W krajach Unii Europejskiej każdego roku z powodu otyłości na nowotwory pęcherza, piersi i nerek zapada 27 tysięcy mężczyzn i 45 tysięcy kobiet.
Od 8 do 11 proc. Mieszkańców USA i Europy ma kłopoty z podwyższonym stężeniem cukru we krwi. Jeśli aktualne tendencje będą się utrzymywały, to w 2025 roku liczba mieszkańców z cukrzycą i jej powikłaniami wynosić będzie 333 milionów. Zmiana nawyków żywieniowych i aktywność fizyczna mogą zmniejszyć ryzyko zachorowania na cukrzycę typu 2. o 40-60 proc.

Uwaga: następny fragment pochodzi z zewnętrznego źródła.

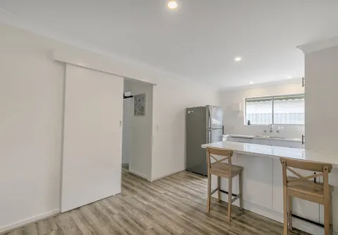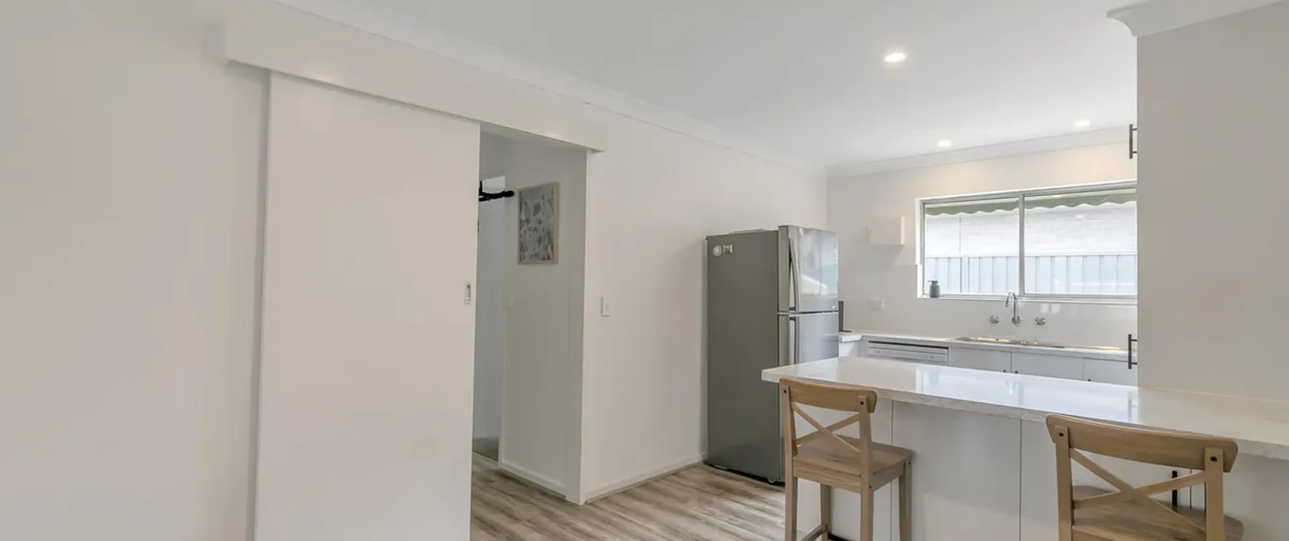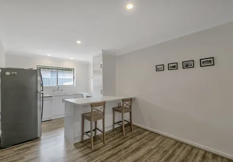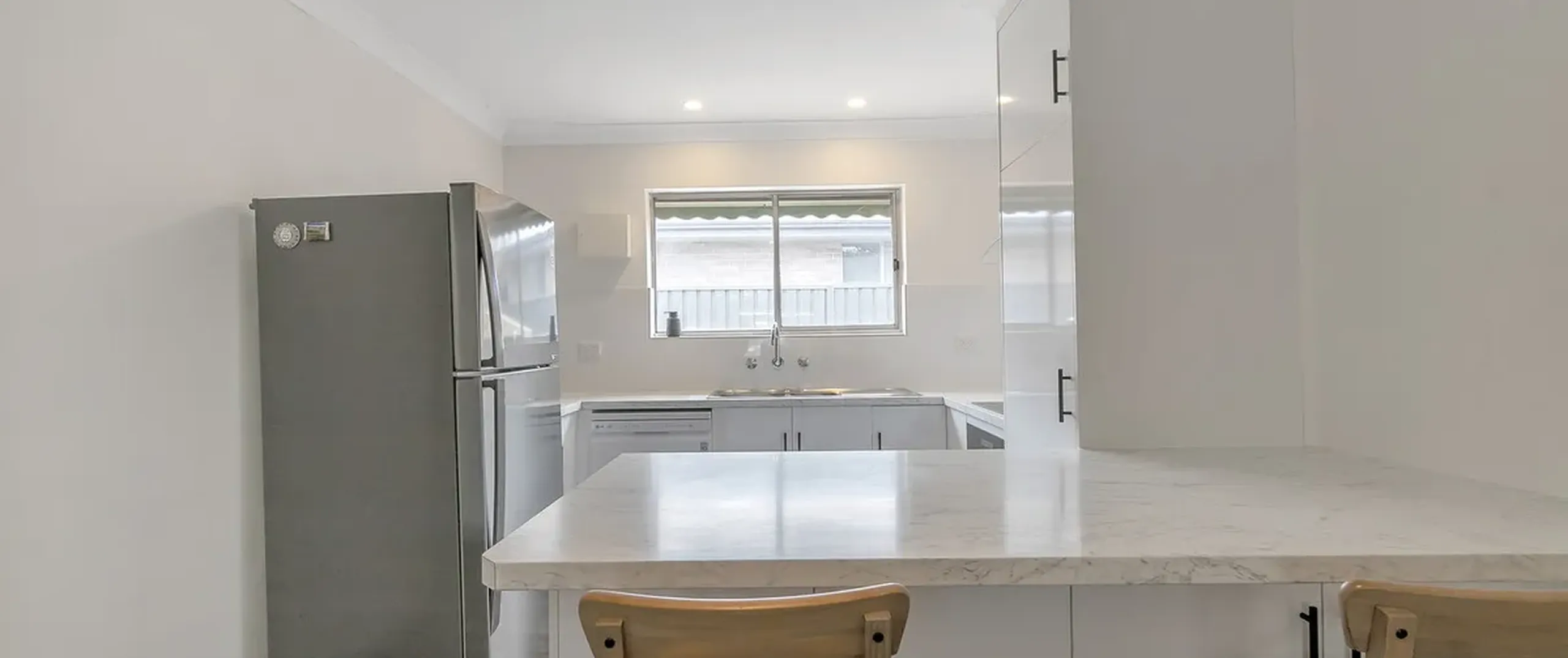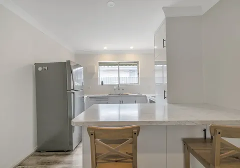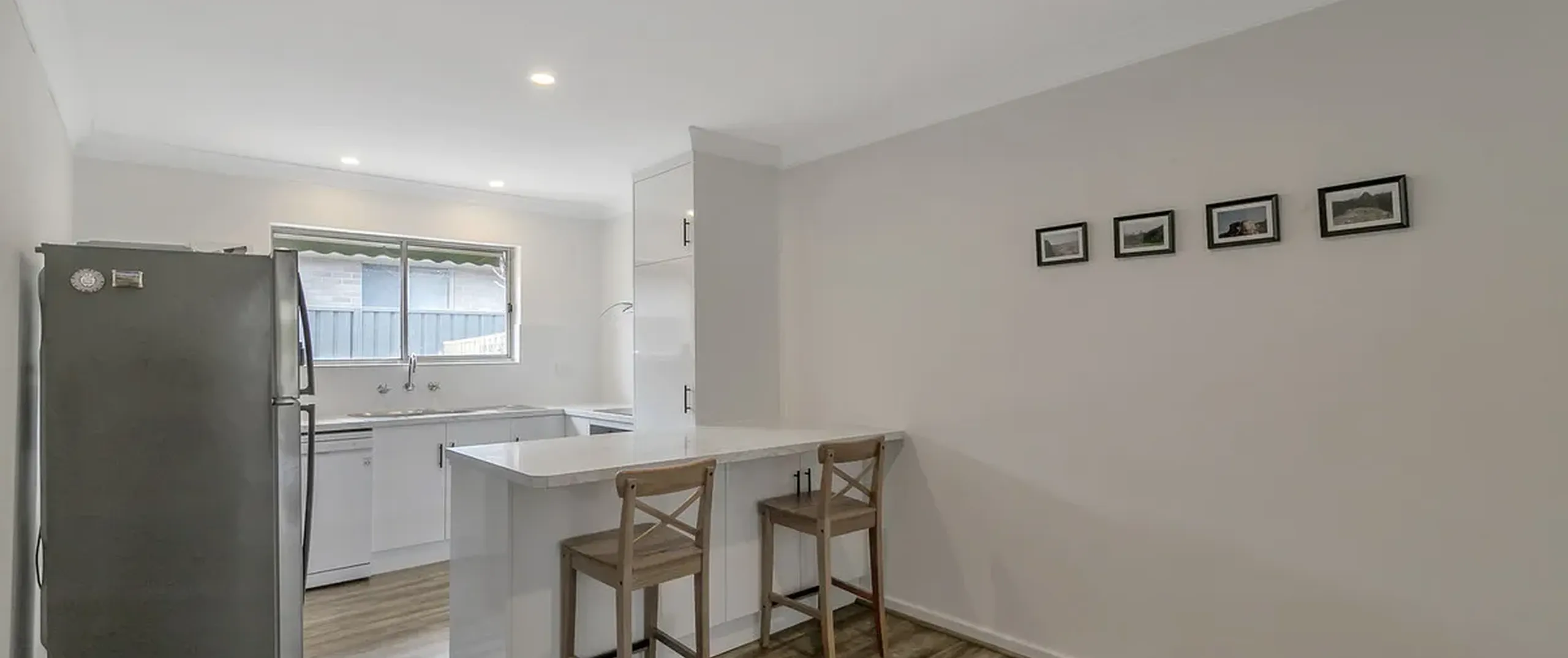 - Modern white kitchen with dishwasher, ample cupboard space and breakfast bar
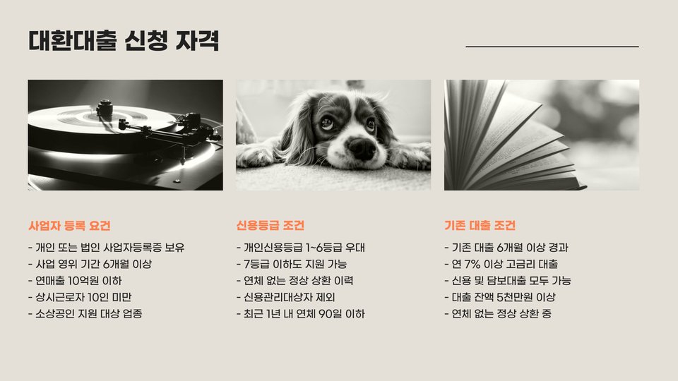 이 정보를 바탕으로 소상공인 여러분이 저금리 대환대출 상품을 선택하셔서, 사업에 더욱 성공적인 발판이 되기를 기원합니다!
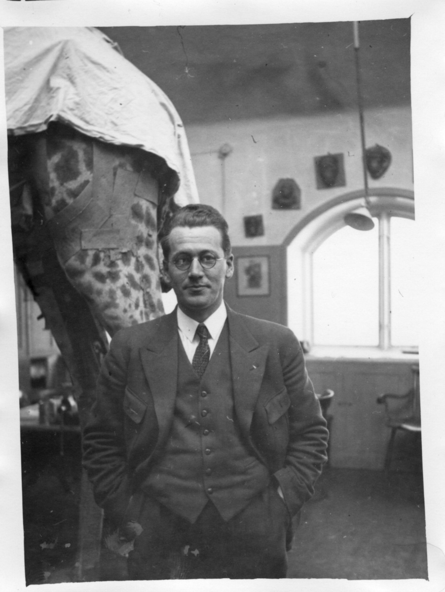'Serie med 8 fotografier på Sune Swärd som varit verksam på Götebrogs Naturhistoriska Museum. :: :: Sune Swärd stående invid museets giraff, i konservatorsateljén.'
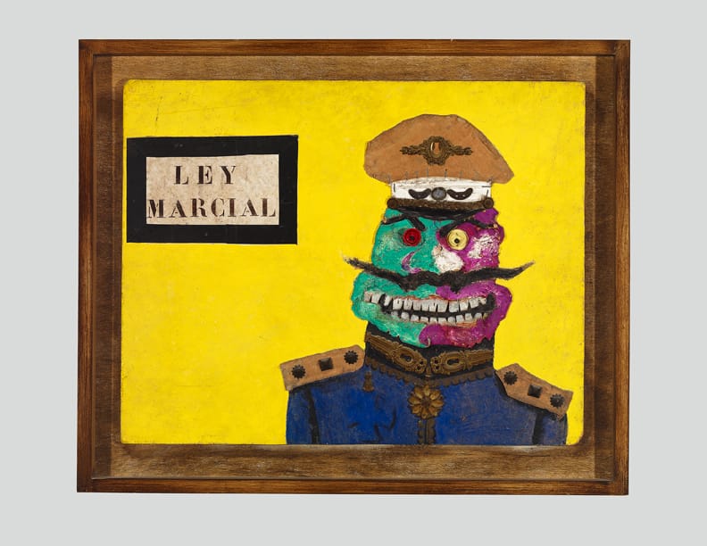 For those under violent regimes, Pop offered a less obvious means of leveling critique. Antonio Berni’s collage painting “Ley marcial o le dictateur (Martial Law or The Dictator)” (1964) was created amid a string of Argentine military dictatorships. In the piece, a mustachioed military man made from bits of plastic, tap shoe tips, cardboard, and other throwaways appears inside a TV-like frame beside a boxed text reading “LEY MARCIAL,” or “MARTIAL LAW,” as if he’s announcing the policy on a news broadcast. The figure’s junk materials and cartoonish face suggest that military leaders like this one are, in themselves, useless hunks of trash.
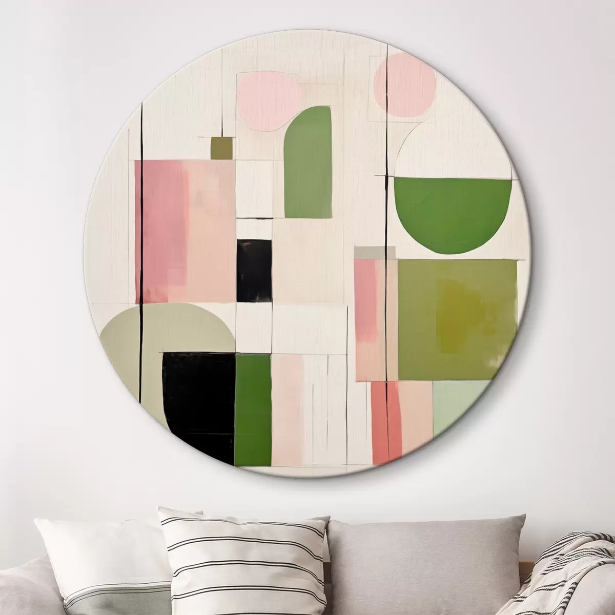 Tableaux ronds Art abstrait avec des blocs et des lignes colorés r46313

W niektórych krajach nadwaga i otyłość dotyczy 30-55 proc. populacji poniżej 30. roku życia. Przyczynami są: otyłość w dzieciństwie, wysokotłuszczowa, wysokowęglowodanowa i niskobłonnikowa dieta.
Zabiegi operacyjne
Aby trwale zredukować wagę niektórzy za radą lekarzy bariatrów decydują się na zabiegi chirurgiczne. Kwalifikują się do nich osoby o dużej otyłości w wieku od 18 - 65 lat. Są to: omijające zespolenie jelitowe, opaskowanie żołądka, gastroplastyka oraz ominięcie żołądkowo -jelitowe.
Tekst zamieszczono za zgodą Redakcji Magazynu "PEN".